NIH Research Projects · FY 2025 · 2021-05
ABSTRACT Knowledge of protein motion is necessary to bridge the gap between structure and function and gain insight into the molecular mechanism of protein machines. My lab studies the function of ion channels and ion-coupled transporters, integral membrane proteins that must undergo structural transitions to regulate the flow of ions (channels) or actively pump substrates (transporters) across biological membrane barriers. A set of distinct but interrelated projects examines the mechanism of secondary active transport, promiscuous multidrug recognition, ion channel selectivity and gating, molecular basis of temperature sensing, allosteric regulation of transporter and channel activity, and how small localized interactions can regulate broader dynamics in membrane proteins.
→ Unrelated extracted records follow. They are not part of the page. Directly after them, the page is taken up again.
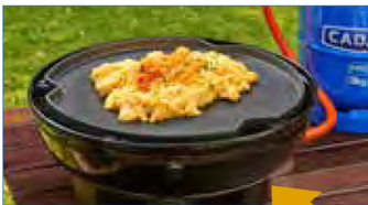
NON-STICK REVERSIBLE FLAT / RIBBED GRILL PLATE
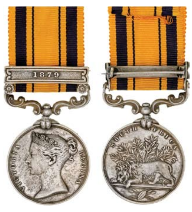
3234* South Africa Medal 1877-79, - clasp - 1879 with fitted pin-back. 484. Pte. J.McLauchlin, 2/4th Foot. Officially engraved. Surface pitting on obverse, small edge bump, otherwise very fine.
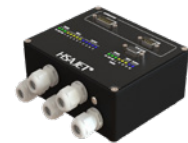
Infinity Interface Box

The Infinity Interface Box with LED control signal is an essential accessory for the HSAJET Infinity Controller. It simplifies installation by allowing direct wire connections via terminal blocks, eliminating the need for soldering. The box supports multiple input/output configurations and includes connection for product sensor. It features LED's for easy visual verification of signal functionality, ensuring efficient and reliable control and connectivity for various applications.
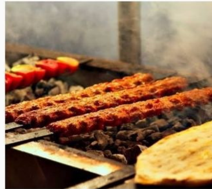
10 participating in an Adana Kebab Workshop to prepare our own kebabs,
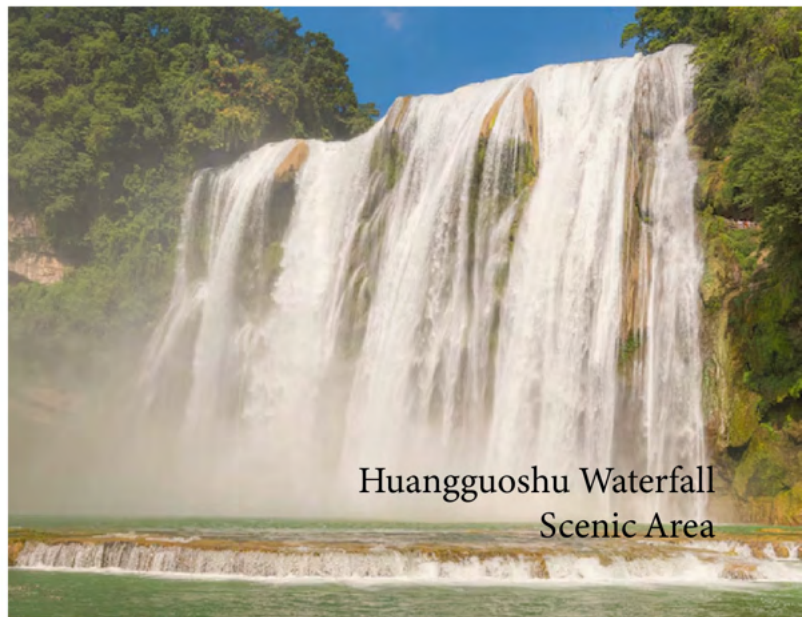
Huangguoshu Waterfall Scenic Area
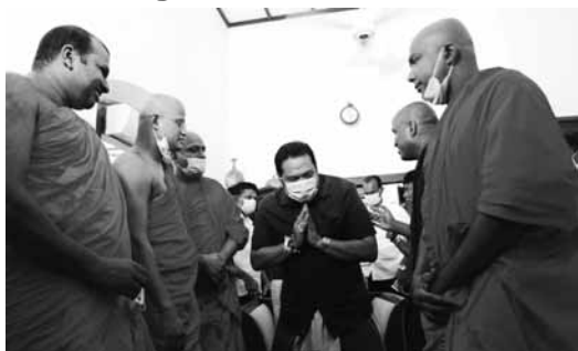
Sri Lankan Prime Minister Mahinda Rajapaksa greets Buddhist monks following his election victory in the general election at his residence in Tangalle Sri Lanka on Friday

Sri Lankans for placing their trust in President Gotabaya Rajapaksa, myself and the Podajana Party and voting for the 'Saubhagya Dakkama' election manifesto in overwhelming numbers. We will ensure Sri Lanka will not stand disappointed during our tenure," he said.
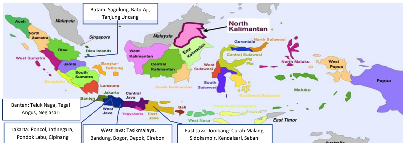
Figure 2. Dispersion of informal e-waste businesses throughout Indonesia.

Following these processes, this research highlighted twenty measures that belong to the benefit, while ten measures provide
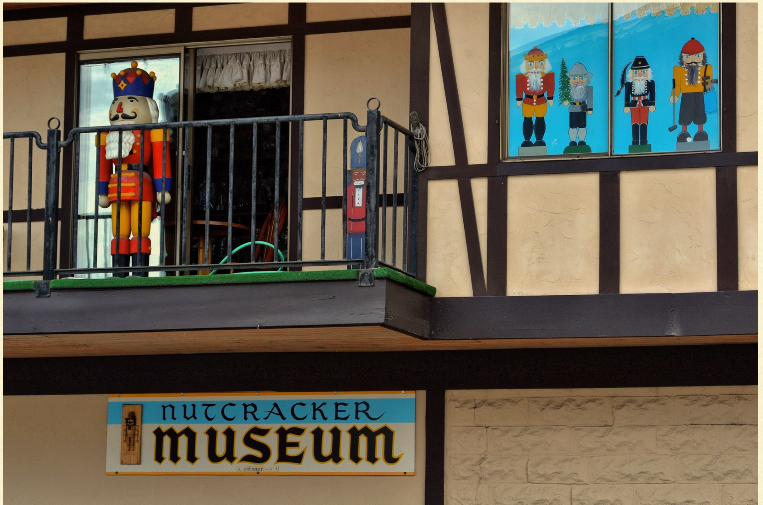
SIGN AND PRODUCTS...Dick Golobic
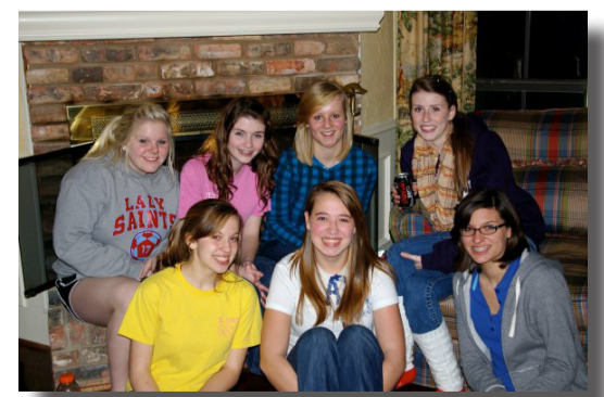
Lake Trip over Christmas
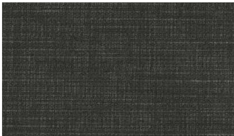
PUE01 - BLACK
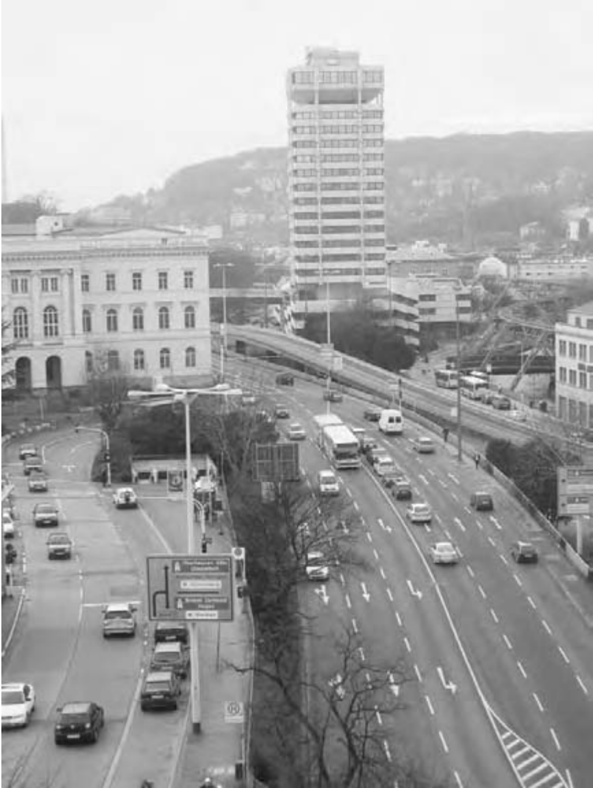
Figure 11.4 The desire for establishing connections at all costs has torn the fabric of cities apart (Wuppertal, Germany).
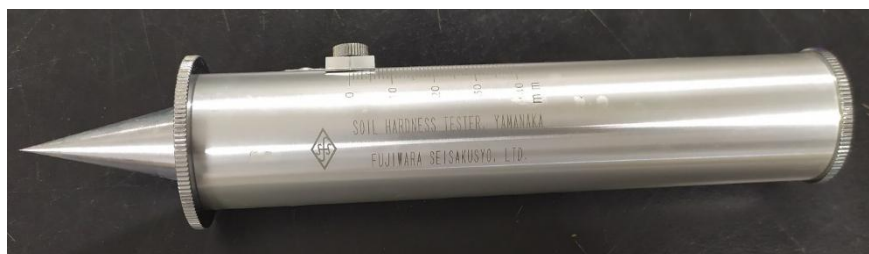
Figure 3. Soil hardness tester

It is essential to ensure the soil hardness is optimal for the best performance of the transplanting machine and overall fieldwork efficiency. Soil hardness is an indicator of the soil's compaction status; large pores are necessary for water and air movement to allow roots and organisms to explore the soil. A soil hardness tester was used to measure the soil hardness depth (mm) and pressure ( \text{kg}/\text{cm}^2 ) of the experimental field before and after puddling (figure 3).
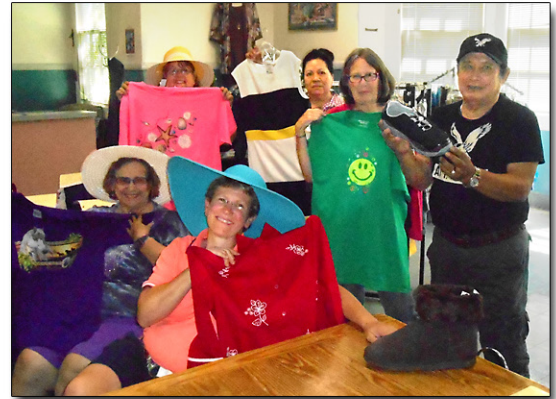
Impressions Clothing Store
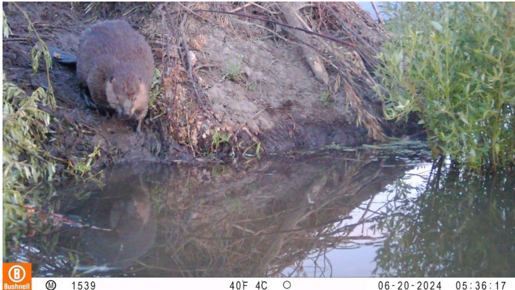
Figure 2. A GPS-tagged adult beaver (23MSC-05) seen on camera at the family group's lodge in June 2024, eight months post-translocation.

At nine days post-release, the subadult male (23MSC-01) dispersed downstream and began occupying the same area as the valley's one known resident beaver. Subsequently, in early December, the subadult and the resident beaver were observed at the same camera station within hours of each other, suggesting the two began to occupy the same territory.
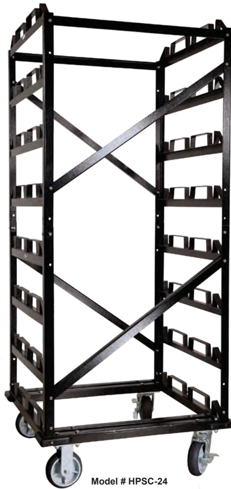
Model # HPSC-24

Assembles quickly and easily: in about a half hour by one or two people, compared to up to an hour and a half for other similar storage carts. All tools and hardware included.
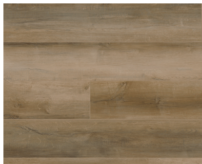
PERGOLA OAK | WE103
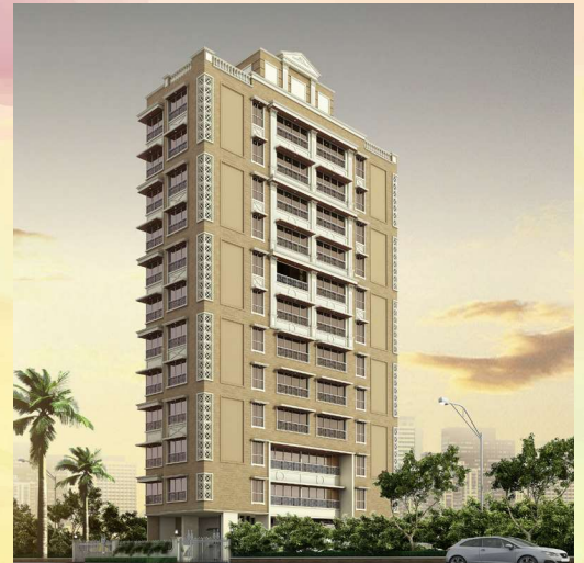
SHRINEKETAN 14 th Road, Chembur
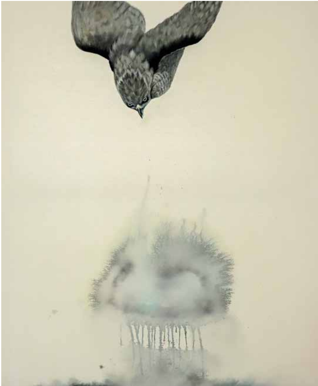
Tieflug II , 2021 120x100 cm, acrylic on untreated canvas
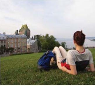
Quebec City, Canada
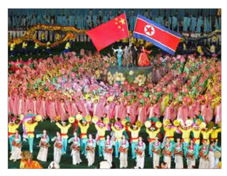
China and North Korea relationship

South Korean relations with China are characterized by fundamental mistrust and they center primarily on expanding trade.<sup>55, 56</sup> Fears that China is closing the technology gap with South Korea—creating the possibility that China could become South Korea's largest economic rival in the region—have caused friction in recent years.<sup>57, 58</sup> China is now South Korea's largest trading partner, accounting
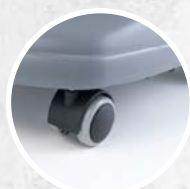
Front swivel castor wheels
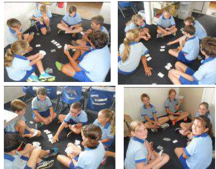
Some of the Year 5/6 students playing 'Numero'.

We are working on factors, multiples and divisibility rules. Every day, we are doing problem-solving. We have been playing a maths card game called 'Numero'.
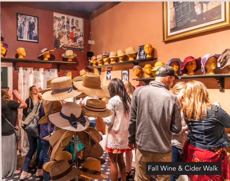
Fall Wine & Cider Walk
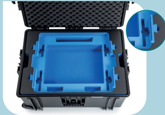
Standard V4 (bottom insert)
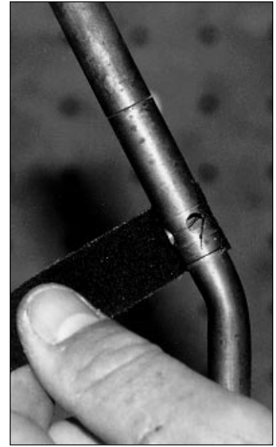
Figure 3.—Taping the tip excludes air and maintains a cooler flame.
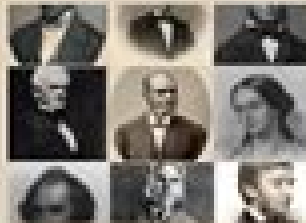
4 Chapter Four: Reflections
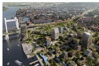
Spoorzone Dordrecht, NL
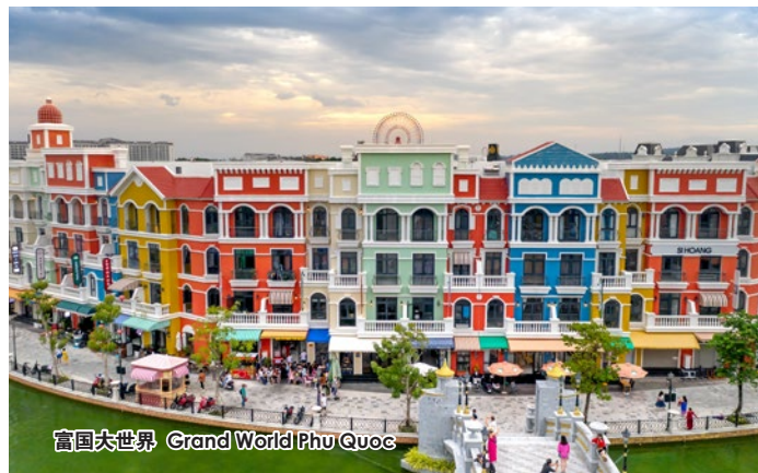
富国大世界 Grand World Phu Quoc
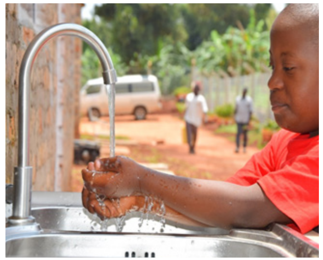
Participants learning how to wash their hands perfectly. This skill is key to enhancing hygiene especially for COVID-19 prevention and other hygiene related diseases.

Furthermore, we held engagement meetings with three employers for persons with Down syndrome on the importance of workforce development and providing internship, volunteer and employment spaces for them. Two of the employers provided employment spaces for two young adults to assist in office management and being messengers.
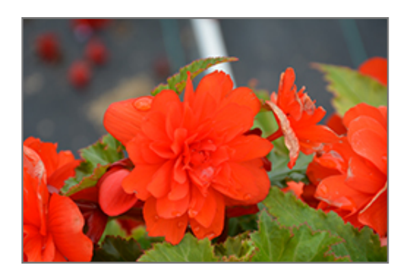
Nonstop Joy Orange Begonia flowers

830 W Liberty Dr. Liberty, MO 64068 816.781.0001
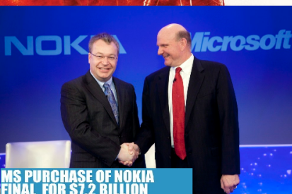
MS PURCHASE OF NOKIA FINAL FOR $7.2 BILLION
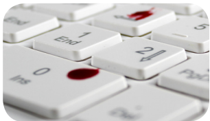
Easily detect contamination
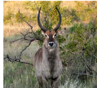
PS6: Biodiversity Conservation and Sustainable Management of Living Natural Resources
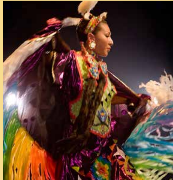
Lakota Sioux Indian Dance Theatre, Oct. 7

3 Art in the Park, American Legion Grounds, Blowing Rock. Juried art and craft show featuring 90 artists. 10am-5pm. 828-295-7851. www.blowingrock.com
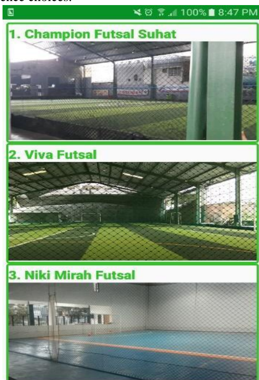
Fig. 3 Recommendation Page

Testing the recommendation system was based on correlation testing to see the correlation between the recommendations built by the system compared to the user's preference choices.
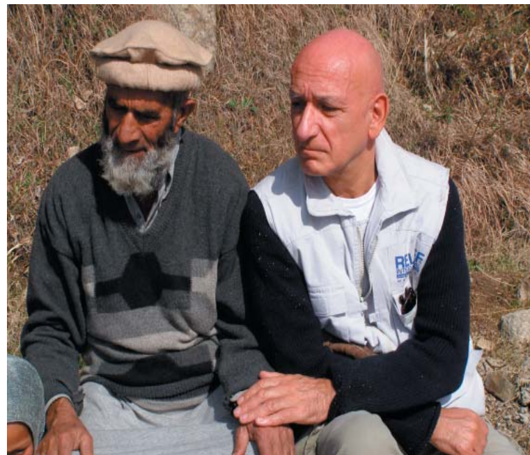
Sir Ben Kingsley traveled to Pakistan with RI to visit survivors after the earthquake

RI has made an ongoing commitment to help ensure the continuing development of villages damaged by the earthquake, and has instituted a number of programs designed to restore the self-reliance, independence and vitality of these communities. Within weeks of the quake, RI instituted an Adopt-A-Village program to raise funds to reconstruct damaged infrastructure in small villages, including housing, schools, medical clinics, libraries and sanitation facilities. RI has also initiated animal restocking and micro-credit loan programs for earthquake survivors, providing access to economic resources necessary for survivors to regain financial self-reliance. These programs will continue through 2006.
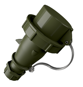
Part no. 24774
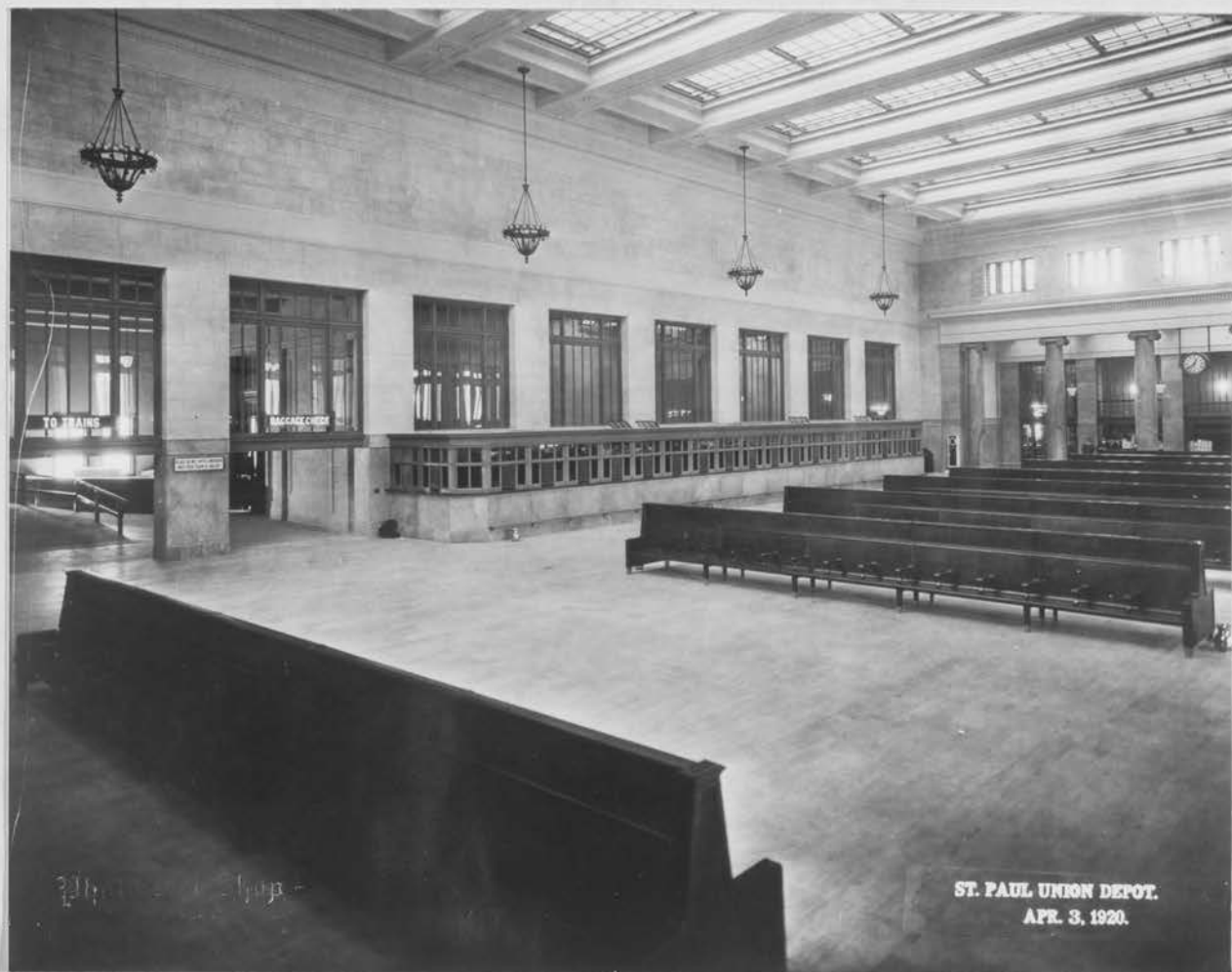
ST. PAUL UNION DEPOT. APR. 3, 1920.
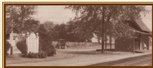
Original WWI Memorial located near the original location of the Wantagh Train Station

Please join us on Monday, November 11. The ceremony starts at 10:40 AM. 📖
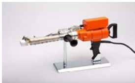
Type HSK60 D Type HSK60 DE
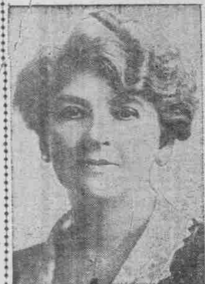
May Robson, who is to appear here in "Fish."

"The attendant joys and vicissitudes of every phase of theatrical production have been mine," said Miss Robson.
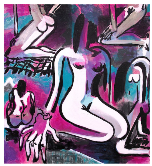
Mira Dancy, Window Poses, 2014. Acrylic on canvas, 21" x 19".
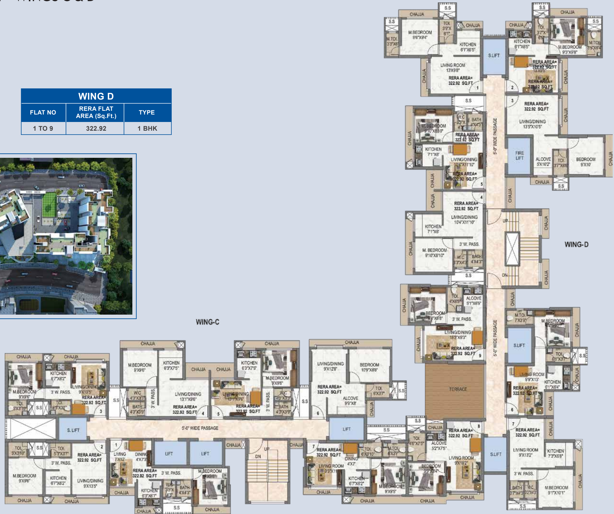
1ST FLOOR PLAN (WING C & D)
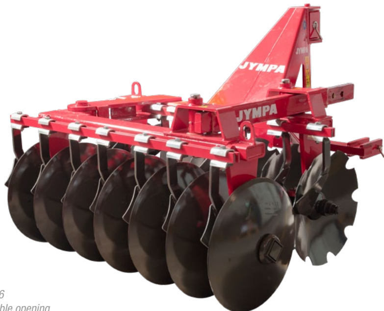
Model ESPIGOL-16 with manual variable opening
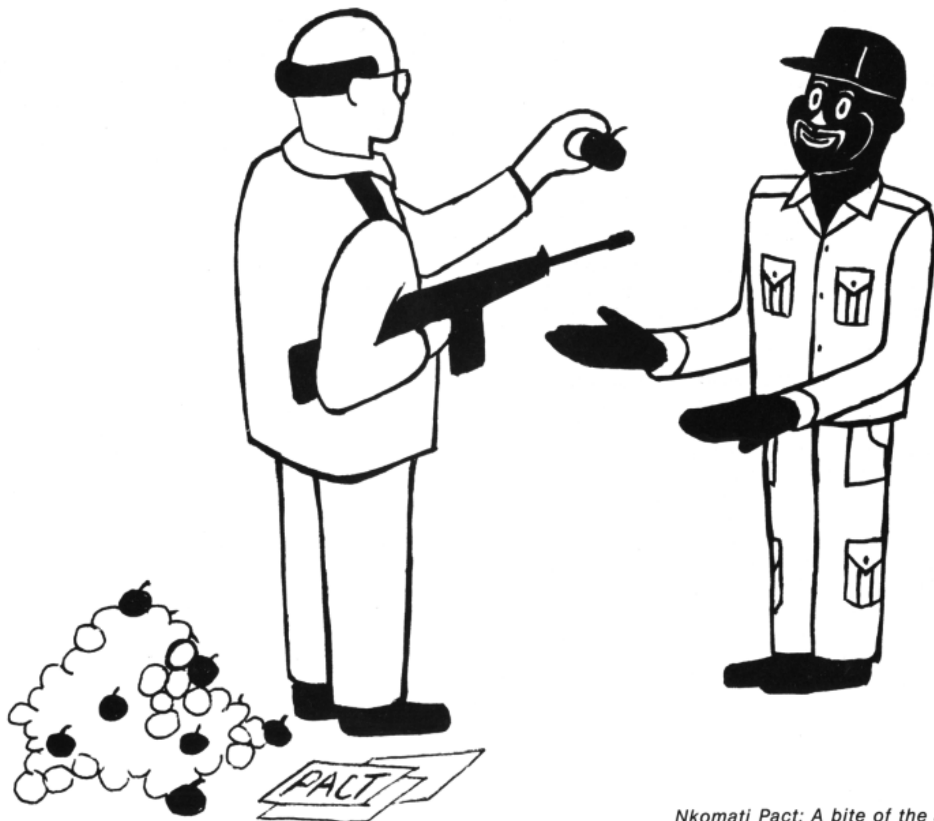
Nkomati Pact: A bite of the apple

He had just returned from Pretoria and Cape Town where he had been feted at some of the most fantastic places he had ever been to in all his life, and was eagerly awaiting a return trip. Only he did not know when that would happen.

These research questions span time- and length- scales, requiring an array of experimental approaches and a well-developed set of model systems to enable hypothesis driven research. One of our primary tools is NMR spectroscopy, which can simultaneously provide structural, thermodynamic (populations), and kinetic (rates of transitions) data with site-specific resolution. NMR chemical shifts are also highly sensitive to changes in the local environment, providing a direct readout of proton binding, a process that is otherwise difficult to monitor experimentally but central to dissecting proton-coupled transport. Over the past 10 years, my lab has done the painstaking work necessary to develop three completely independent model transporter and channel systems (EmrE, NaK, Shaker-VSD) and establish experimental tools ranging from NMR and molecular biophysics to in vitro and in vivo functional assays. We are now primed to address essential research questions that probe the molecular mechanism of these specific systems but also have broader implications for understanding how protein conformational change is regulated, promiscuity versus specificity in substrate recognition, the complexity of proton-coupled transport, and molecular basis for allosteric regulation of protein function.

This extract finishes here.